### Work to be completed
Please quote exactly the lines below from the line containing "Linda chica cheongsam" to the line containing "Lyrics of Gori", both lines included, and nothing else.

### Material supplied
▶

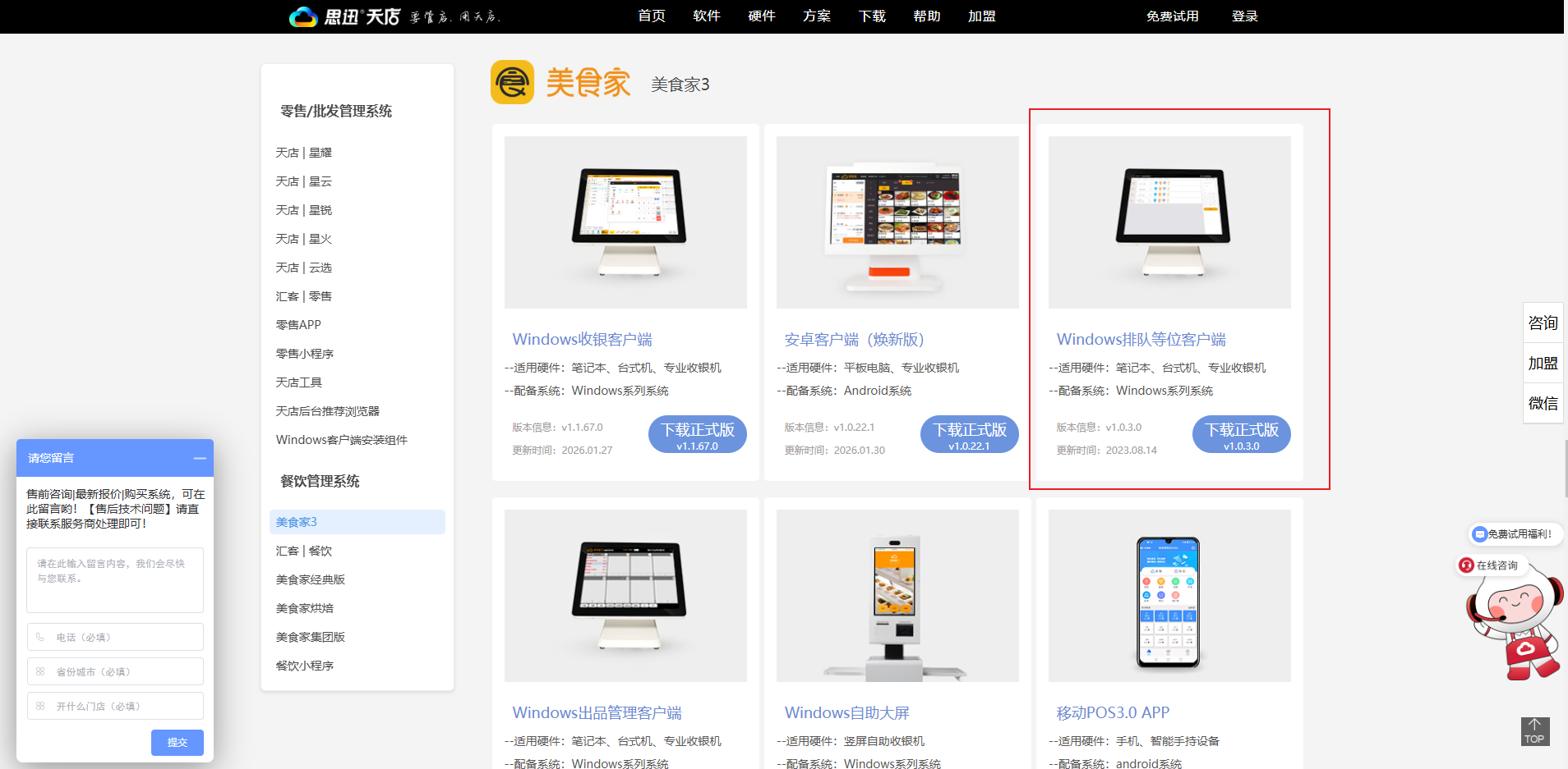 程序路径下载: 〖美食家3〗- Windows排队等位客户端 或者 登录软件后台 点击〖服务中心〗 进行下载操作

◀
▶

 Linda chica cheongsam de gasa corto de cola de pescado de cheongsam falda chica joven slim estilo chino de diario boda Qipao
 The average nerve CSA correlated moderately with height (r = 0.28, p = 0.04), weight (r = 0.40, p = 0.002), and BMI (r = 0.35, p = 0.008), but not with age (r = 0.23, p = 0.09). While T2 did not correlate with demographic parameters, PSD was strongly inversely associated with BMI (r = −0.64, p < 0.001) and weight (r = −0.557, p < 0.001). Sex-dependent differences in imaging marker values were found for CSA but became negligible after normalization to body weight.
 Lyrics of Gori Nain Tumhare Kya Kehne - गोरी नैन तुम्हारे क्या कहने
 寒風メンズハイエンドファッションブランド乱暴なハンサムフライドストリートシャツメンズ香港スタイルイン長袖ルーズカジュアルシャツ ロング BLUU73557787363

◀

### Answer to the exercise
 Linda chica cheongsam de gasa corto de cola de pescado de cheongsam falda chica joven slim estilo chino de diario boda Qipao
 The average nerve CSA correlated moderately with height (r = 0.28, p = 0.04), weight (r = 0.40, p = 0.002), and BMI (r = 0.35, p = 0.008), but not with age (r = 0.23, p = 0.09). While T2 did not correlate with demographic parameters, PSD was strongly inversely associated with BMI (r = −0.64, p < 0.001) and weight (r = −0.557, p < 0.001). Sex-dependent differences in imaging marker values were found for CSA but became negligible after normalization to body weight.
 Lyrics of Gori Nain Tumhare Kya Kehne - गोरी नैन तुम्हारे क्या कहने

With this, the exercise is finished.